36:30 I said, “Well, why would they do that?” He said that one of the reasons why some plants have evolved this capacity to increase estrogen levels in animals that consume them—I’m guessing that animals aren’t smoking marijuana, although I don’t know; send me the paper if you’ve heard of this—is that plants have figured out ways, they’ve adapted ways to push back on populations of rodents and
37:00 other species of animals that eat them. Plants are engaged in a kind of plant-to-animal warfare where they increase the estrogen of the males in that population to lower the sperm counts, to keep those populations clamped at certain levels so that those plants can continue to flourish. I find this just fascinating. Hormones aren’t just impacting tissue growth and development within the individual and between the mother—remember the placenta is an endocrine organ—and the offspring,
37:30 but plants and animals are in this communication. It’s a fascinating area of biology.
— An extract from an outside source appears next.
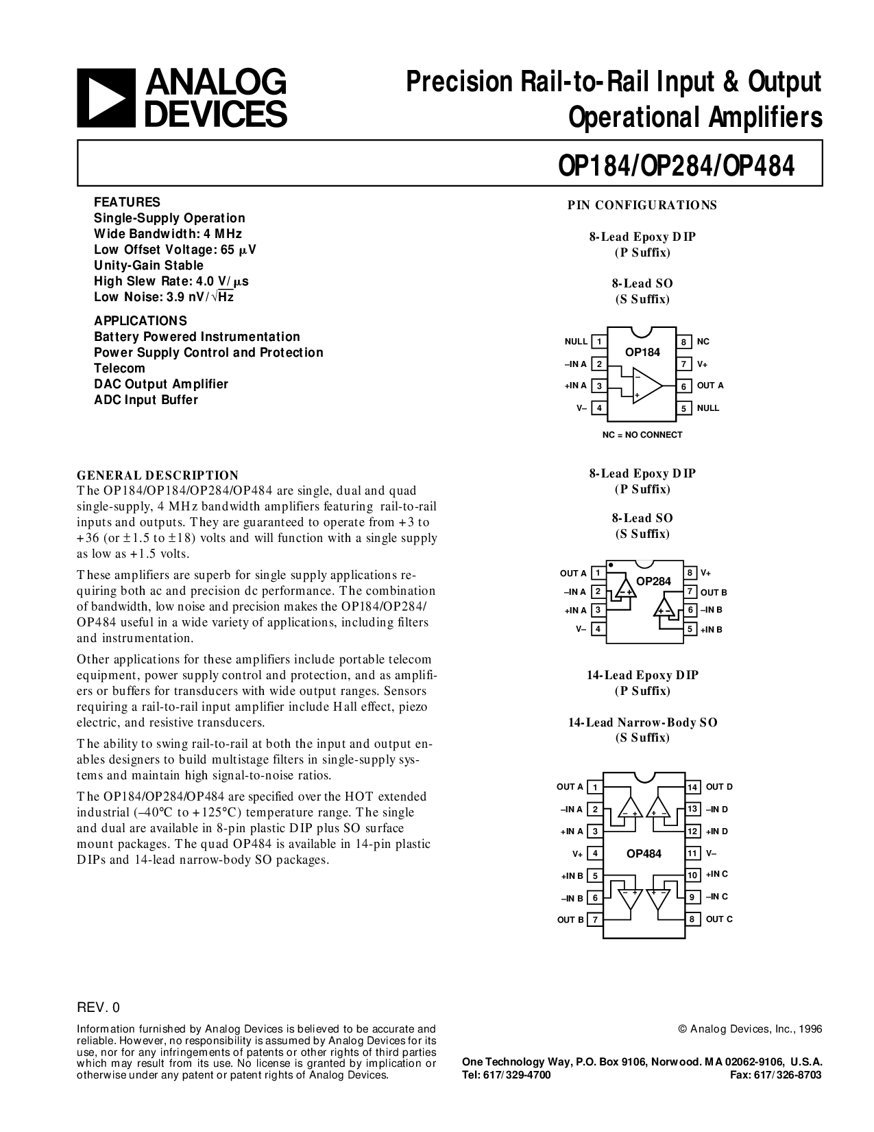 的 带宽, 低 噪声 和 精度 使 这 op184/op284/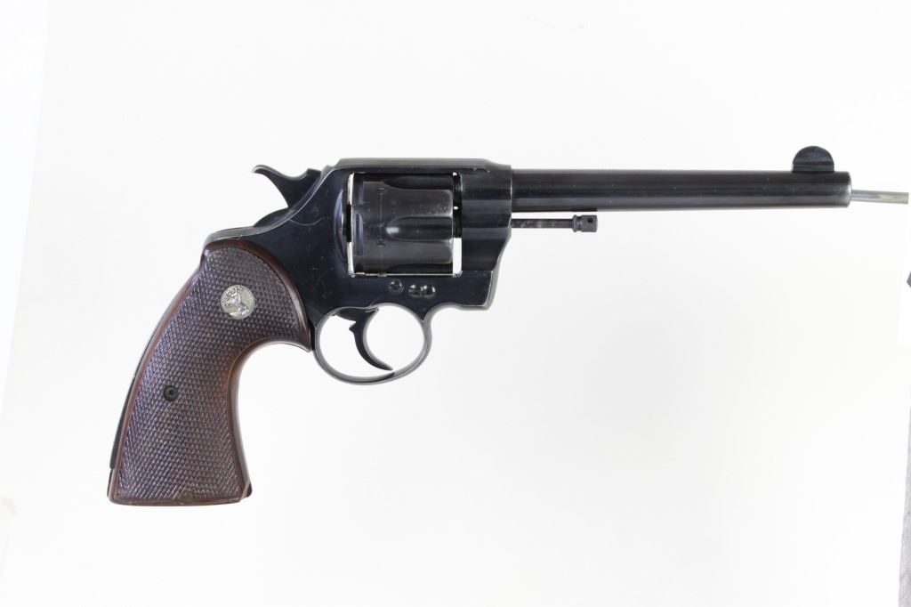 Colt New Army and Navy .38 SN 3123 double action revolver with 6" barrel showing poorly refinished blue with incorrect later Colt walnut grips. Mechanically excellent with firm tight action and good bore. De Accessioned from a state of AZ Museum. FFL /double action revolver with 6" barrel showing poorly refinished blue with incorrect later Colt walnut grips. Mechanically excellent with firm tight action and good bore. De Accessioned from a state of AZ Museum. FFL / Modern. Est. 175-275

As you’ve noticed today, none of this deals with the current controversies around gender and how many genders and sex, etc. That’s a separate conversation that is, by definition, grounded in the kind of concepts we’ve been talking about today and needs to take place taking into consideration all of the aspects of sex and the effects of hormones both on the body and on the brain. We didn’t talk a lot about spinal cord,
38:00 but we will in the next episode. We can just say on the brain and the periphery: early effects, late effects, acute effects—meaning effects that are very fast, of levels of hormones going up or down, something that absolutely happens across the menstrual cycle—as well as long-term effects, like the effects of these hormones on gene expression. Today, as always, we weren’t able to cover all things related to sex and
38:30 hormones and sexual differentiation or development—there’s no way we could—but we have covered a lot of material. Once again, I want to thank you for embarking on this journey through neuroscience and, today, neuroendocrinology with me. As always, thank you for your interest in science.